Pretty politically naive, if he does, no?
A second sign that a sense of urgency may be setting in with Renacci has to do his whining about being stalked by videographers. It appears that he is indeed being tracked by the Democratic Congressional Campaign Committee (DCCC) and by American Bridge which is thought by some to be Democratic congressional candidates' "unofficial" opposition research arm.
What Renacci fails to say is that "opposition research" is Politics 101 and undoubtedly he and national Republican organizations are undoubtedly tracking Congresswoman Sutton.
It appears to The Report that Renacci is whining because he fears that the Democrat researchers may come up with material that could be a difference maker in this close, close race.
The question that yours truly has is why Renacci in being so sensitive to be tracked and monitored? Does he know that there are politically explosive skeletons to be discovered?
The Report doubts that such is the case because certainly the Boccieri campaign would have discovered them (if they existed) in Renacci's successful campaign to unseat Boccieri in 2010.
So the answer is likely that Renacci didn't figure on running behind with only about 100 days left before the election and he is coming just a little bit unglued.
A third sign that a campaign rush may be setting in with Renacci has to do with his challenge to Sutton to come out and debate him on the merits/demerits of he Affordable Care Act (referred to by Republicans as being Obamacare) on the heels of the United States Supreme Court ruling the core of the act constitutional.
The SCPR, for one, thinks that Sutton should take him up on the challenge.
She may find that there are many (perhaps, even a majority) in the 16th who do not want to see the act repealed as Renacci has committed himself to. National polls show that a majority of Americans do not want the law repealed. But it is close. The worse that The Report thinks Sutton would do is to have a standoff on the issue. And a face off could be a real educational experience for the voters of the 16th.

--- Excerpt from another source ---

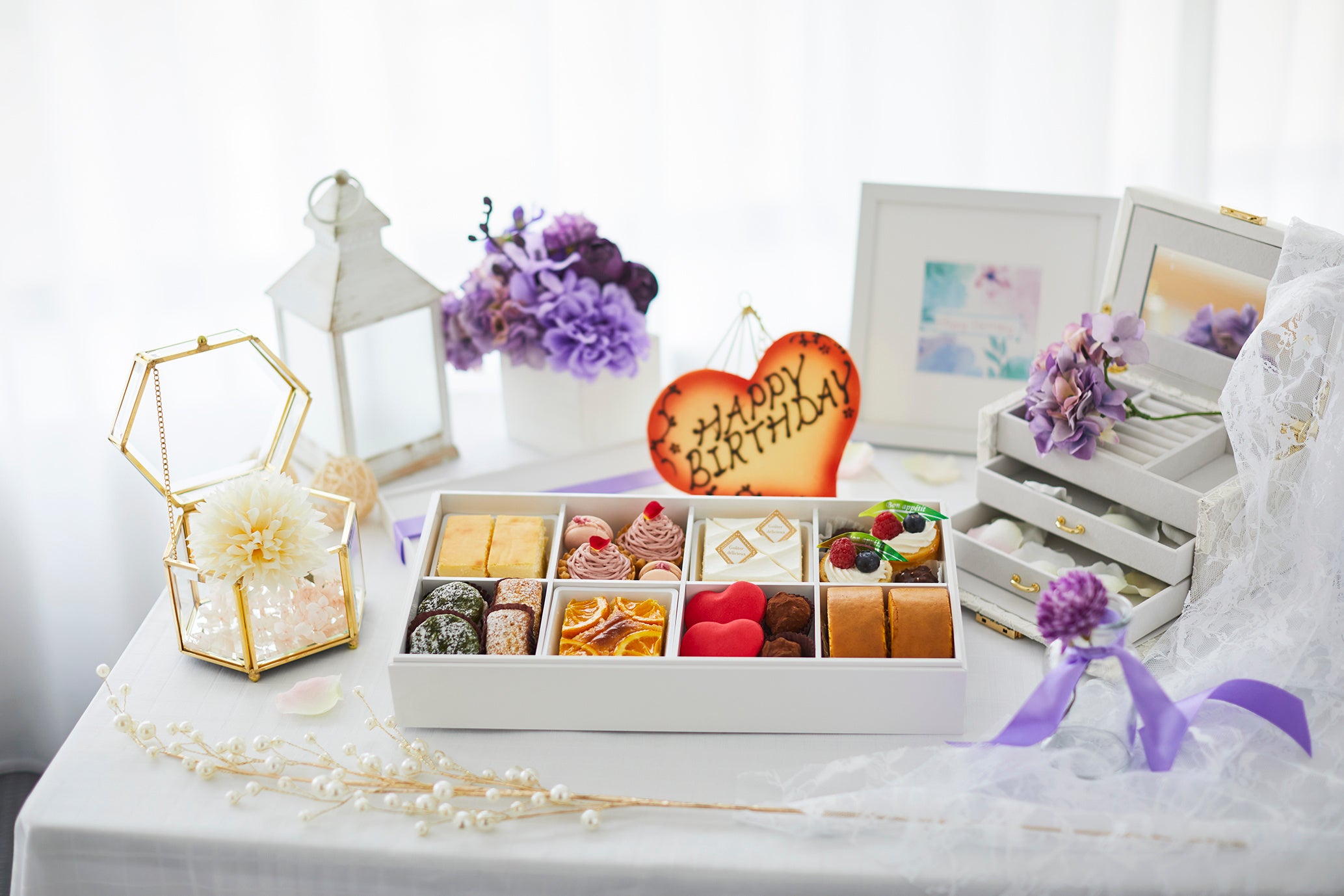 ・パティシエこだわりのアフタヌーンティーBOX「スイーツコレクション」をルームサービスにてお届け(時間15:00~22:00)※推しカラーのお花の装飾、メッセージ入りチョコレートプレート付き

No doubt Renacci thinks otherwise and feels that if he can bait Sutton, then he is well on his way to pulling ahead of her and thereby resolve his concern that his congressional seat may be slipping away from him.. He appears to desperately looking for a head turner issue and he thinks this is it.
What's the saying? Be careful what you wish for!
So the foregoing are signs (there are others) that the SCPR thinks demonstrates Congressman Jim Renacci might be losing it just a tad on maintaining campaign composure.
If his unease accelerates, he is likely to do some really dumb things and then "Katy bar the door," real political trouble is just around the corner in terms of him doing himself in.
It is well understood by most of us that human beings do not function well under stress.
Could a panicky Jim Renacci turn a very close race into a sold win for Betty Sutton notwithstanding Renacci's large lead in fundraising?